Thinking vs not-thinking: For Claude 3.7 Sonnet: GPQA, AIME 2024, MMMU come with 64k extended thinking, Aider with 32k, and HLE with 16k. Remaining results come from the non thinking model due to result availability. For Grok-3 all results come with extended reasoning except for SimpleQA (based on xAI reports) and Aider.

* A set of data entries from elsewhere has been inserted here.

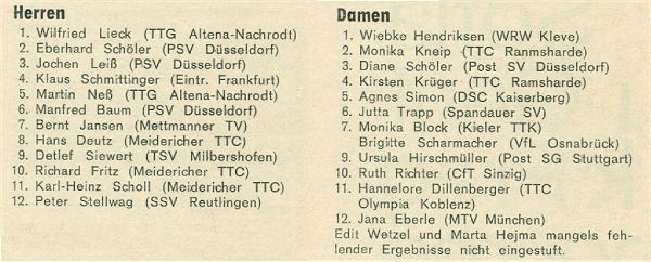 | 2. | Jutta Trapp (Krüger) | Spandauer TTC | BTTV |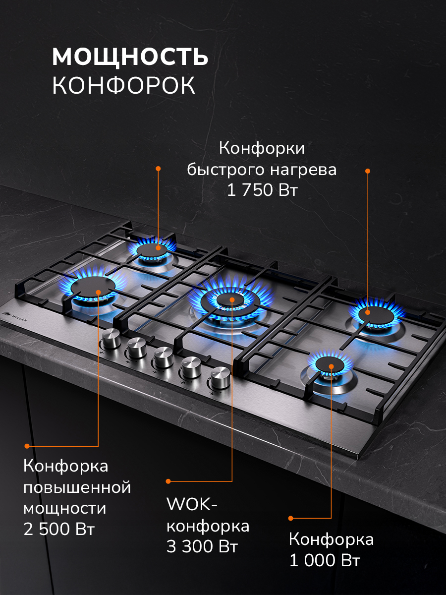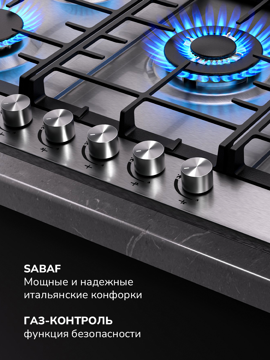Наличие пяти конфорок разного типа и мощности позволяет легко подбирать подходящую температуру и готовить одновременно несколько блюд. На поверхности достаточно свободного места для размещения любой объемной посуды. В центральной части панели находится WOK-конфорка, создающая во время работы сразу несколько колец пламени. Такая особенность позволяет моментально нагревать даже крупную посуду, что открывает возможность готовить блюда азиатской кухни любой сложности в домашних условиях.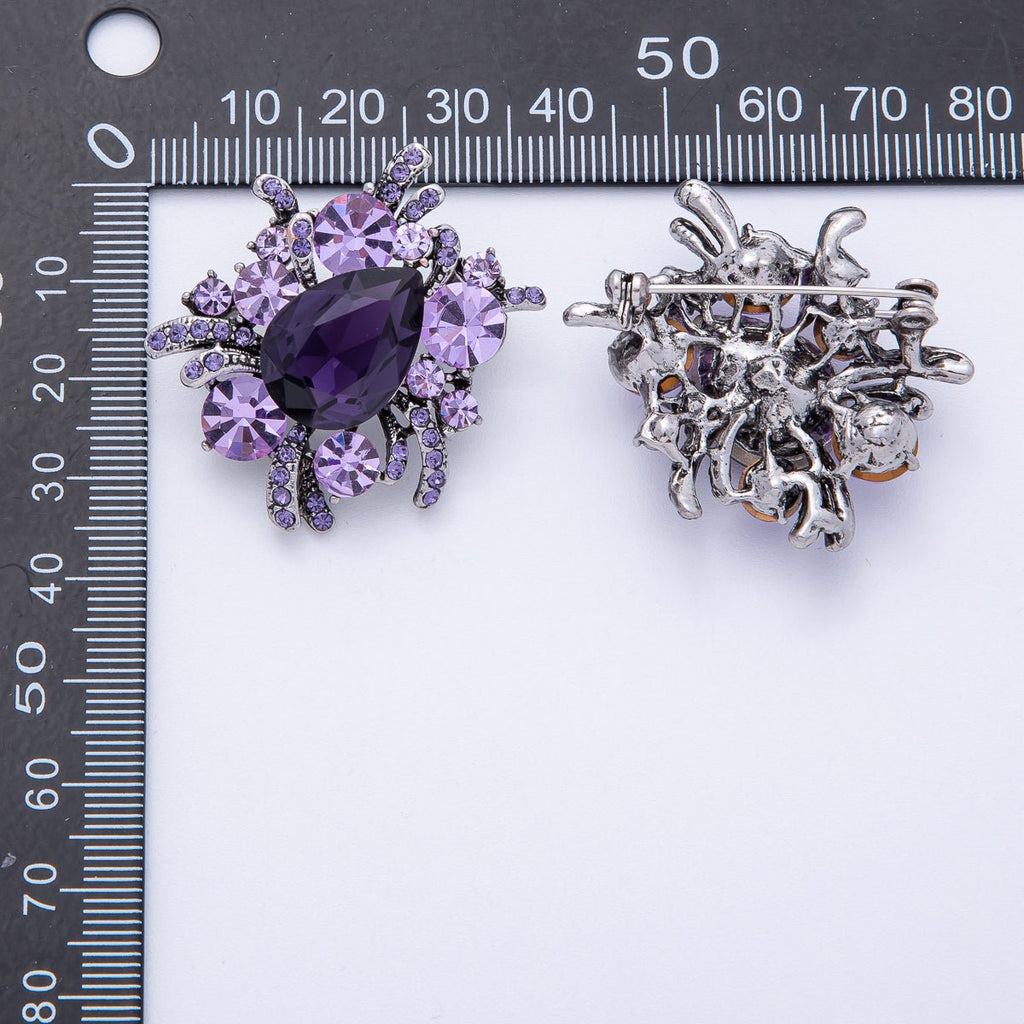 Vintage Antique Silver Brooch Purple Amethyst Crystal Pin | BH-001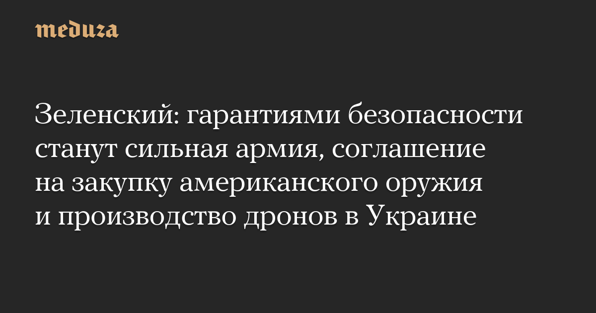 В этом же предложении говорилось, что Киев и Вашингтон заключат сделку на 50 миллиардов долларов на производство беспилотников украинскими компаниями. Собственное производство дронов в Украине Зеленский назвал третьей частью гарантий безопасности.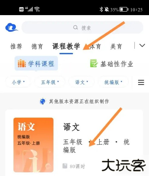 第一步,打开应用【学习】页面,点击顶部分类中的【课程教学】,接着点击页面中的科目,如图所示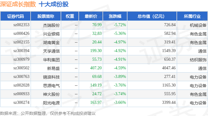 深证成长(399346)指数十大成份股详情如下:
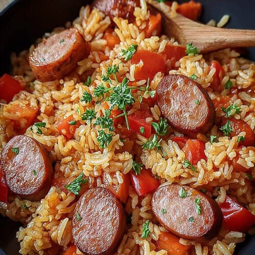 Eine Wurst Reis Pfanne bringt reichlich Geschmack auf den Tisch, ohne dass du viel Zeit investieren musst. Dieses Gericht vereint würzige Wurststücke mit lockerem Reis und frischem Gemüse. Das Ergebnis ist eine Mahlzeit, die bodenständig bleibt und dennoch voller Aroma steckt. Besonders wichtig: Das Gericht passt sich deinem Alltag an.

Single attempt vs multiple attempts: When two numbers are reported for the same eval higher number uses majority voting with n=64 for Grok models and internal scoring with parallel test time compute for Anthropic models.
Result sources: Where provider numbers are not available we report numbers from leaderboards reporting results on these benchmarks: Humanity's Last Exam results are sourced from https://agi.safe.ai/ and https://scale.com/leaderboard/humanitys_last_exam, AIME 2025 numbers are sourced from https://matharena.ai/. LiveCodeBench results are from https://livecodebench.github.io/leaderboard.html (10/1/2024 - 2/1/2025 in the UI), Aider Polyglot numbers come from https://aider.chat/docs/leaderboards/. FACTS come from https://www.kaggle.com/benchmarks/google/facts-grounding. For MRCR v2 which is not publically available yet we include 128k results as a cumulative score to ensure they can be comparable with previous results and a pointwise value for 1M context window to show the capability of the model at full length.
API costs are sourced from providers' website and are current as of May 20th.
* indicates evaluated on text problems only (without images)
Input and output price reflects text, image and video modalities.